Megan Kelly loves innovation and that’s the focus of Wide Open Learning, launched here in the fall of 2018. Megan has been teaching internationally since 2003, most recently in Singapore. She has a Master of Arts in Teaching and is passionate about literacy and learning through play. We asked Megan to join us as a regular after she wrote a series of very popular guest articles full of fresh teaching ideas. You can find them here!
New Teacher Tips is our second blog created by Dr. Curtis Chandler, a teacher educator at Brigham Young University-Idaho and a former Kansas State Teacher of the Year. His practical novice-teacher advice combines his extensive research into good practice, his personal experiences as a teacher and new-teacher mentor and his fascination with digital teaching tools. Also see his MiddleWeb blog Class Apps.

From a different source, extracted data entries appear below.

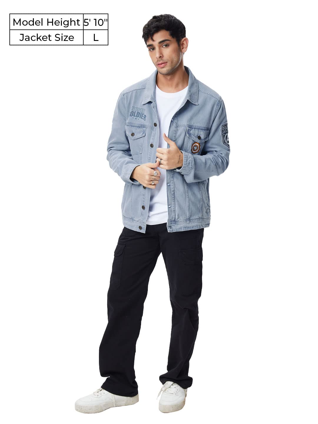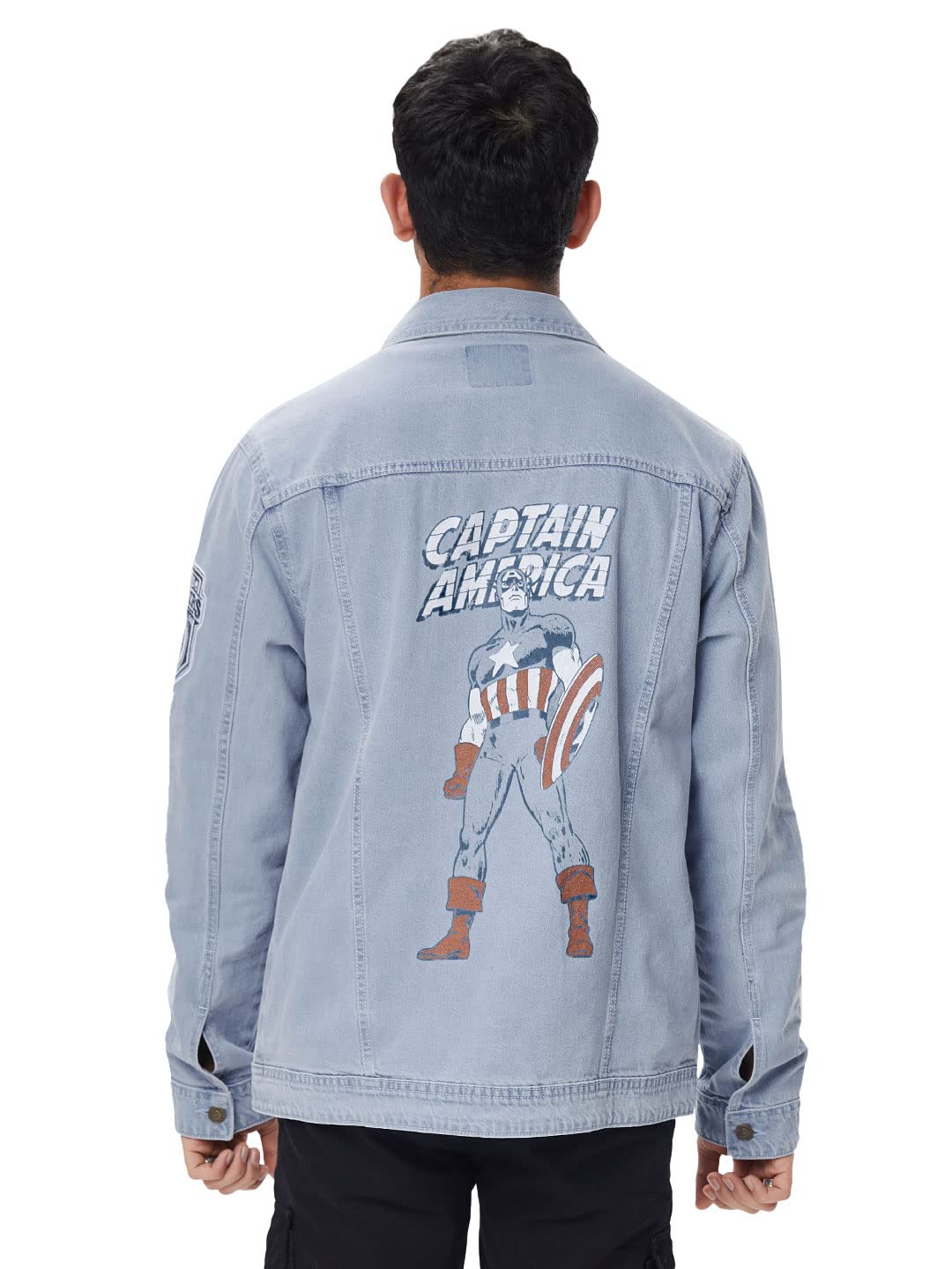 The Souled Store Captain America: OG Mens & Boys Regular Fit Graphic Printed Full Sleeve Cotton Blue Denim Jackets Jackets Winter Coats Outerwear Bomber Puffer Windbreaker Hooded Quilted Lightweight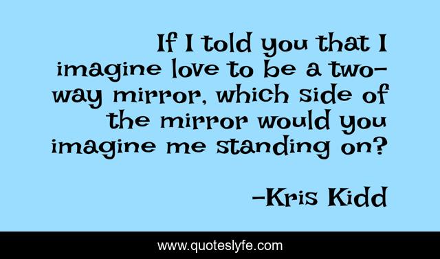 This page presents the quote "If I told you that I imagine love to be a two-way mirror, which side of the mirror would you imagine me standing on?". Author of this quote is Kris Kidd. This quote is about relationships, love, affection,.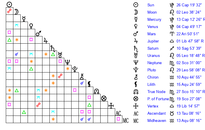 | Venus | 4 Capricorn 49 | 13 Pisces 50 | 29 Pisces 42 |

Our Meaningful Math blogger, Michelle Russell, brings her experience as both a middle and high school math teacher to her articles, always with the middle level in focus. She began writing for us in the summer of 2016. Watch for her monthly articles about her own restless search for the most effective teaching practices.
STEM by Design blogger Anne Jolly began her career as a lab scientist, caught the teaching bug and was recognized as a state teacher of the year. As a curriculum consultant for an NSF-supported project she helped develop standards-based STEM modules for middle school curricula. Her book STEM By Design: Strategies and Activities for Grades 4-8 (Routledge/MiddleWeb, 2016) sparked a companion website packed with free resources. Anne’s recent work with a business-industry consortium developing STEM curricula for both middle and elementary school gives her unique insights into the knowledge-and-skill expectations of employers.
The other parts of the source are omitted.